We can use spatial and temporal arguments to search for granules covering Chesapeake Bay during the time frame of Oct 15 - 23, 2020. We can also add the cloud_cover parameter to filter out granules with too much cloud coverage. cloud_cover = (0, 50) # max 50% of cloud coverage
tspan = ("2020-10-15", "2020-10-23")
bbox = (-76.75, 36.97, -75.74, 39.01)
cc = (0, 50)
results = earthaccess.search_data(
short_name="MODISA_L2_OC",
temporal=tspan,
bounding_box=bbox,
cloud_cover=cc,
)
Granules found: 2
Now we can print some info about these granules using the built-in methods. We can see how each result prefers to display itself.
results[0]
Or we could use the data_links
and size
methods provided on each result.
data_links = [{"links": i.data_links(), "size (MB):": i.size()} for i in results]

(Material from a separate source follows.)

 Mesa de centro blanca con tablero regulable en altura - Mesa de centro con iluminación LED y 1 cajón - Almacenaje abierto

JSON(data_links, expanded=True)
<IPython.core.display.JSON object>
Or we can interactively inspect all the fields underlying a result.
JSON(results)
<IPython.core.display.JSON object>
Since the data are not hosted in the Earthdata Cloud (see output from
results[0]
above), we need to download files. This will
download the data in a folder called “data” in your working
directory.
paths = earthaccess.download(results, "data")

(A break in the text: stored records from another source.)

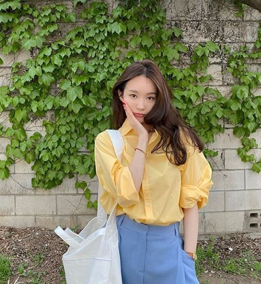 공개된 사진 속 강민경은 노란색의 셔츠와 파란색 와이드 팬츠를 입고 거리를 걷고 있다. 특히 선명한 색감의 노란색 셔츠가 상큼한 레몬을 연상하게 해 눈길을 끈다.
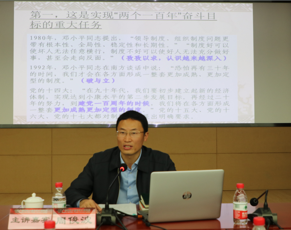 周俊波副主任結(jié)合近年來(lái)黨和國(guó)家事業(yè)取得的重大成就,闡明了全會(huì)的重大意義,闡釋了中國(guó)特色社會(huì)主義制度和國(guó)家治理體系的顯著優(yōu)勢(shì),對(duì)全會(huì)作出的《中共中央關(guān)于堅(jiān)持和完善中國(guó)特色社會(huì)主義制度、推進(jìn)國(guó)家治理體系和治理能力現(xiàn)代化若干重大問(wèn)題的決定》進(jìn)行了系統(tǒng)解讀,對(duì)學(xué)習(xí)宣傳貫徹全會(huì)精神、堅(jiān)定制度自信談了認(rèn)識(shí)體會(huì)。報(bào)告生動(dòng)鮮活、深入透徹、通俗易懂,使大家在深化對(duì)全會(huì)精神的理解上受益匪淺。
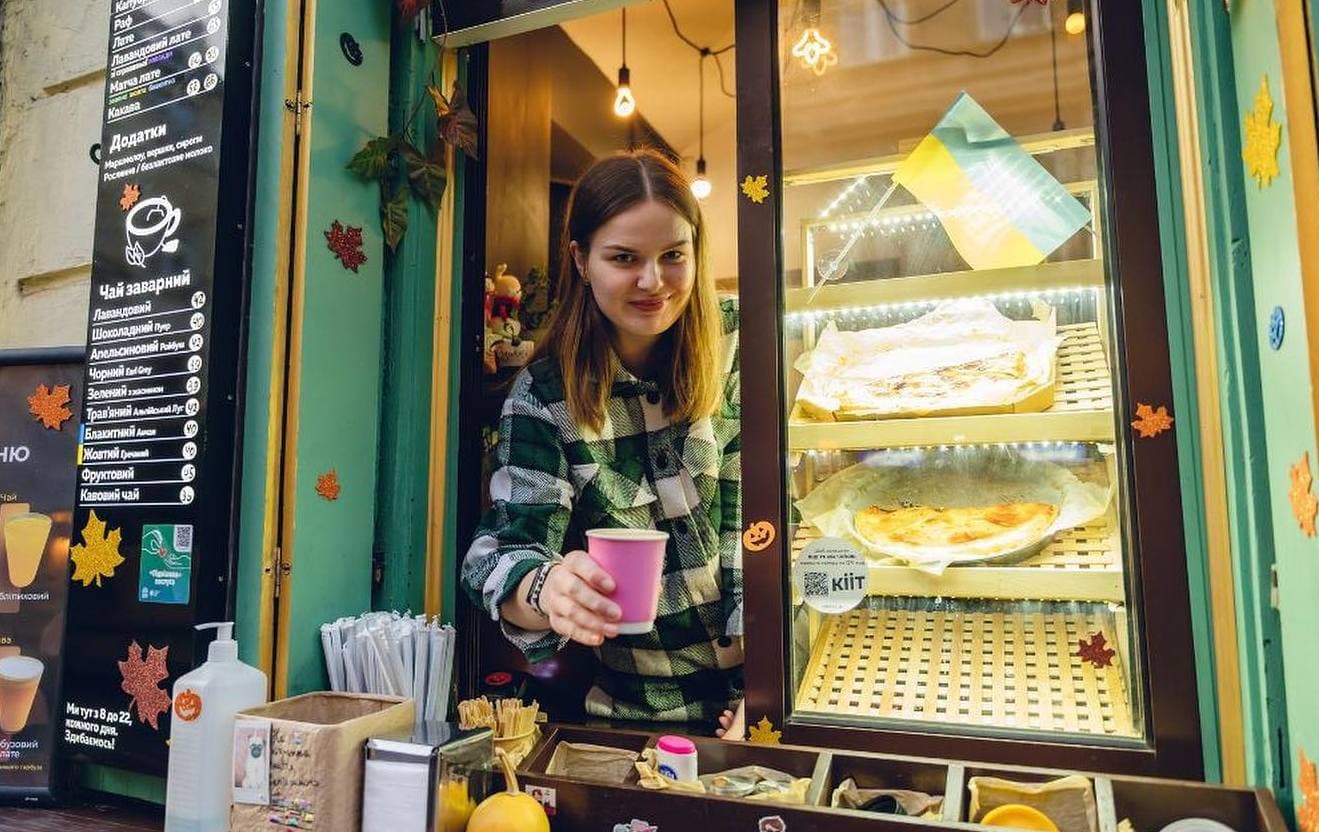На початку квітня переселенці з Ірпеня, Бородянки та Ніжина – Сергій Стоян, Іван Демченко та Дарина Мазур – відкрили у Львові “віконце” з кавою та пирогами. Завдяки соціальним мережам точка, в якій готують каву, галети та пироги, миттєво стала популярною. «Коли ми сюди приїхали, то шукали роботу, але нічого не могли знайти. Мали при собі деякі гроші. Могли жити у Львові кілька місяців, нічого не роблячи або щось собі придумати. Вдома ми втратили все, що могли. Чому б не ризикнути – вирішили почати свою справу», – розповідає Іван. Заклад «Кііт» отримав назву на честь кота одного з власників, якого також привезти до Львова. Пізніше ще одну кав’ярню Kііт запустили у Львові на Богдана Лепкого, а пізніше вже й у столиці – біля Палацу спорт. Наразі там подають кавові напої, веганські галети та пироги.
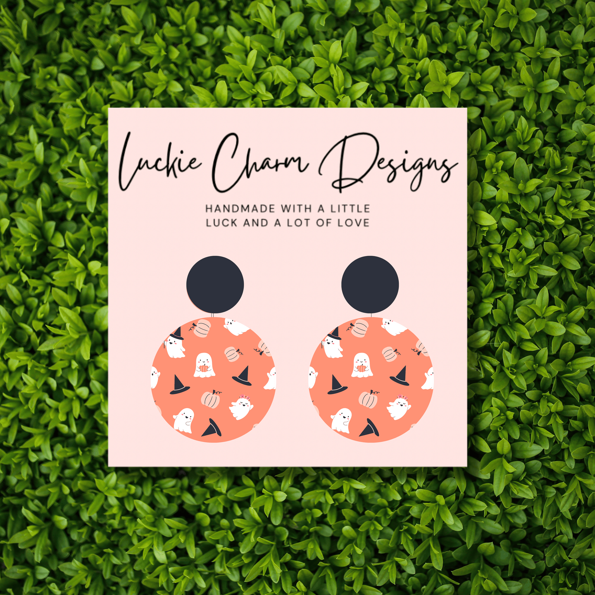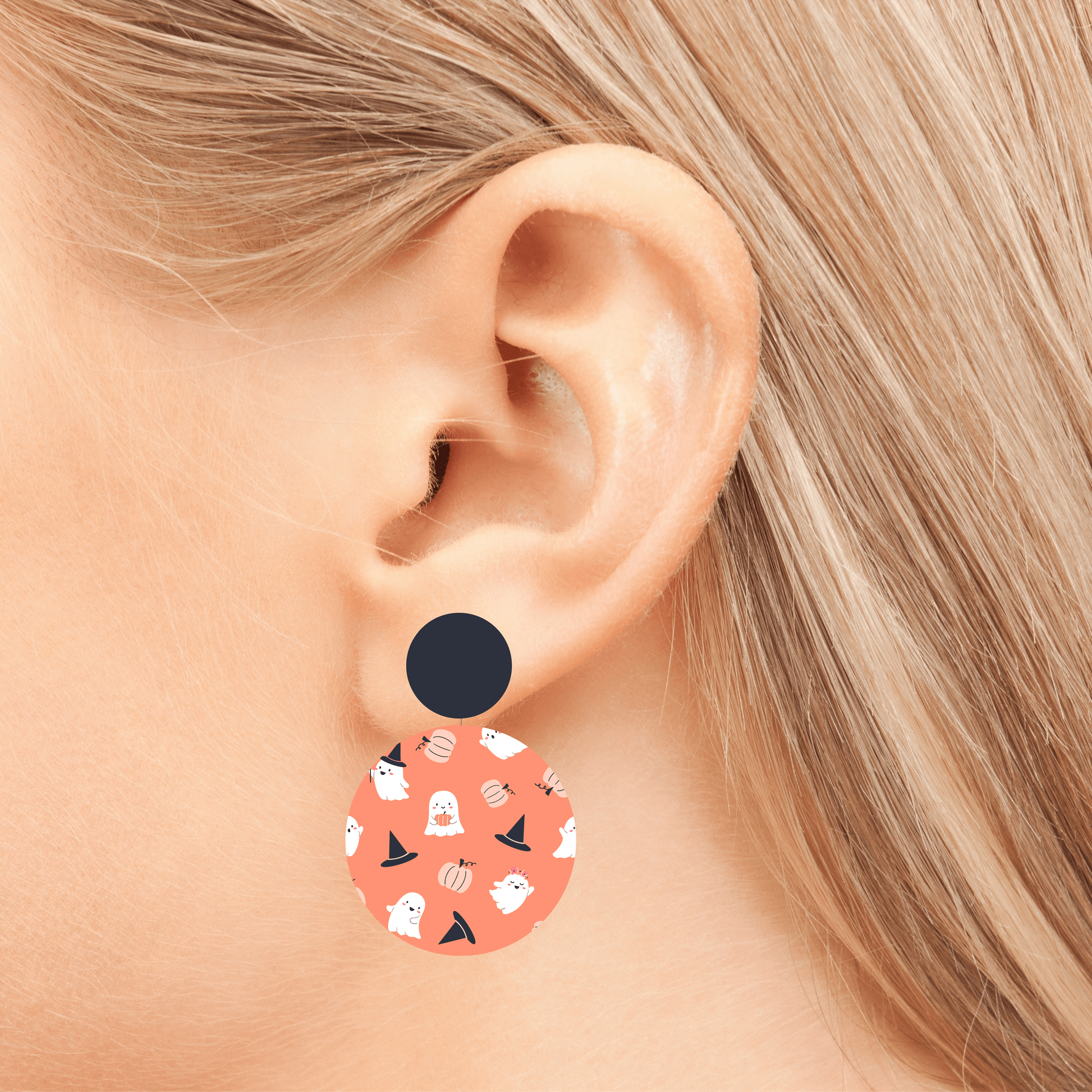 Add a touch of cute, spooky, and festive charm to your look with these Halloween Vibes earrings! Featuring pumpkins, ghosts, and witches hats in orange, cream, and navy, they’re perfect for Halloween. Lightweight and handmade, these earrings bring the perfect mix of playful and bold to your outfit.

Getting 2 granules, approx download size: 0.1 GB
File AQUA_MODIS.20201017T183001.L2.OC.nc already downloaded File AQUA_MODIS.20201016T174500.L2.OC.nc already downloaded
Step-by-step, we’ll build a nice map showing the log-transformed chlorophyll a estimate for the first granule we downloaded. The first step is to open some of the “groups” present within the NetCDF files to begin preparing a variable to plot.
prod = xr.open_dataset(paths[0])
obs = xr.open_dataset(paths[0], group="geophysical_data")

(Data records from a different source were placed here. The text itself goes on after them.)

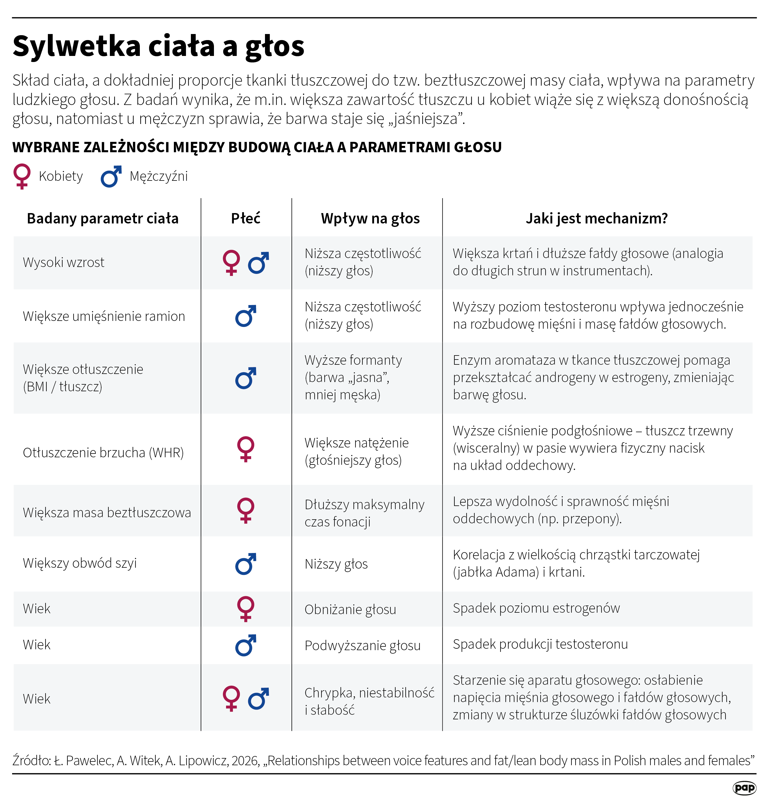 Skład ciała, a dokładniej proporcje tkanki tłuszczowej do tzw. beztłuszczowej masy ciała, wpływa na parametry ludzkiego głosu. Większa zawartość tłuszczu u kobiet wiąże się z większą donośnością głosu, natomiast u mężczyzn sprawia, że barwa staje się „jaśniejsza” – wynika z badań polskiego antropologa.
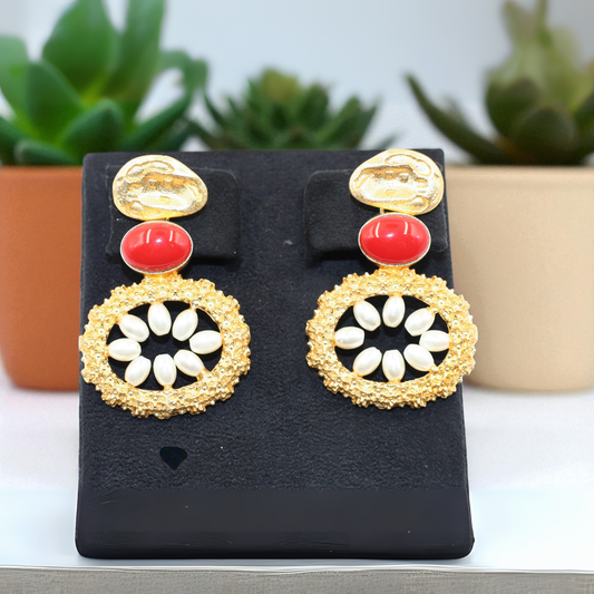 ✨ Make a dashing statement with these stunning earrings! ✨🔴 Stunning red studs meet radiant gold circles 💫🌸 Intricate floral detailing with a dainty pearl center 🤍Perfect for festive vibes or glam evenings! 🌟💃
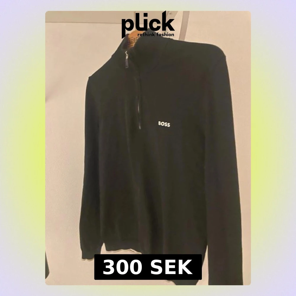 Snygg svart långärmad tröja från BOSS med halvzip och diskret logga på bröstet. Tröjan har hög krage och är tillverkad i ett mjukt material som passar perfekt till en stilren look.
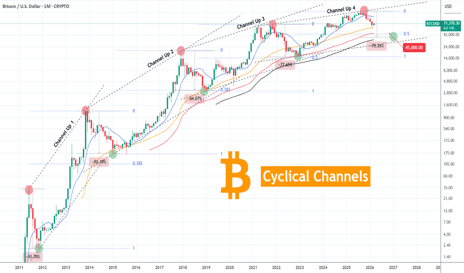 BITCOIN This secret sequence of Channels unlocks the Cycle codeBitcoin (BTCUSD) is technically half-way through its Bear Cycle by all known metrics, both in terms of price and time. What we haven't shown you yet (actually we have published this thesis 6-7 years ago and it's since been forgotten) is the underlying Channel Up approach on a Cycle horizon that has
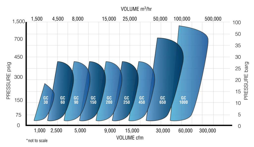 Caudales: desde 150 SCFM a 88,000 SCFM
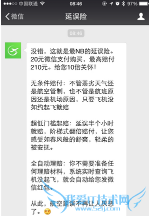微信上线了公众号“延误险”,只要20元买一份延误险,即可不用担心飞机延误,微信的延误赔款以微信红包的形式发放。
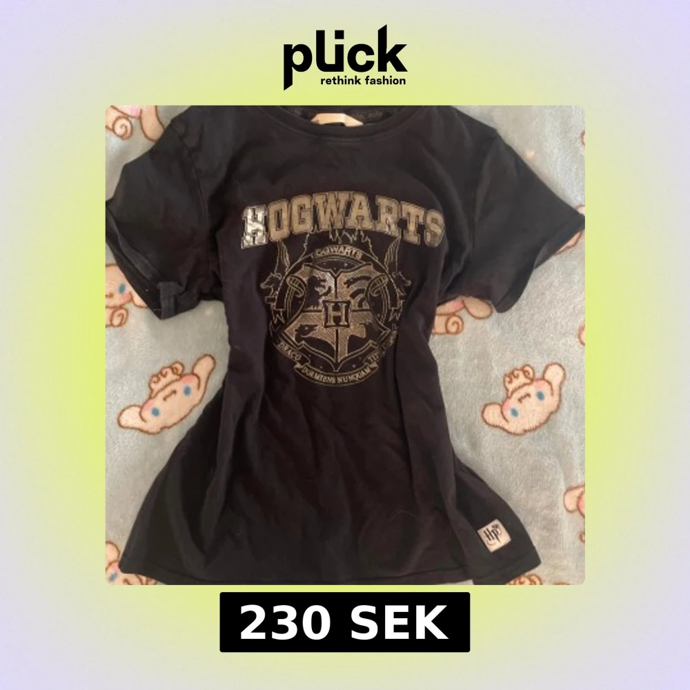Svart t-shirt med Hogwarts-tryck i silver och stort emblem på bröstet. Rund halsringning och korta ärmar. Märkt med officiell Harry Potter-logga och tillverkad i mjuk bomull. Snygg till att styla med jeans! För en 2000s outfit Passar storlek XS-S
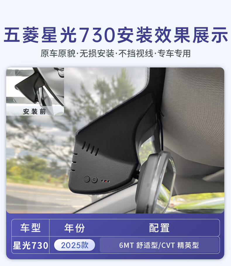 25 models of Wuling Starlight 730 driving recorders for car lovers, original 4K ultra-clear night vision, cable-free, original hidden type, 2025 model, comfortable/elite type, 4K single lens 2160P+128G card+AI smart capture
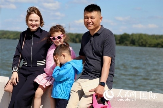 邢亮與妻子娜斯佳還有孩子們?cè)诤吷⒉?。人民網(wǎng)記者 朱虹攝
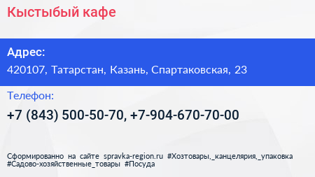 Кыстыбый, кафе по адресу 420107, Татарстан, Казань, Спартаковская, 23 в дальнейшем Организация, размещена в следующих категориях:

nav = xr.open_dataset(paths[0], group="navigation_data")
The “navigation_data” group has geospatial coordinates that we merge into the “geophysical_data” group, which has the “chlor_a” product.
nav = (
nav
.set_coords(("longitude", "latitude"))
.rename({"pixel_control_points": "pixels_per_line"})
)
dataset = xr.merge((prod, obs, nav.coords))
Now, we can pull out and fine-tune the “chlor_a” variable for visualization.
array = np.log10(dataset["chlor_a"])
array.attrs.update(
{
"units": f'log10({dataset["chlor_a"].attrs["units"]})',
}
)
The plot
method from XArray’s plotting API is an easy
way to take an xr.Dataset
or xr.DataArray
to a
matplotlib
figure.
plot = array.plot(
x="longitude", y="latitude", aspect=2, size=4, cmap="jet", robust=True
)
We can enrich the visualiation using matplotlib
and
cartopy
. The coordinates are latitude and longitude, so if
we add the “Plate Carree” coordinate reference system (CRS) to our axes,
we will get an improved map.
fig = plt.figure(figsize=(10, 7))
ax = plt.axes(projection=cartopy.crs.PlateCarree())
array.plot(x="longitude", y="latitude", cmap="jet", robust=True, ax=ax)
ax.gridlines(draw_labels={"bottom": "x", "left": "y"})
ax.add_feature(cartopy.feature.STATES, linewidth=0.5)
ax.set_title(dataset.attrs["product_name"], loc="center")
plt.show()
You have completed the notebook on Aqua/MODIS L2 data exploration.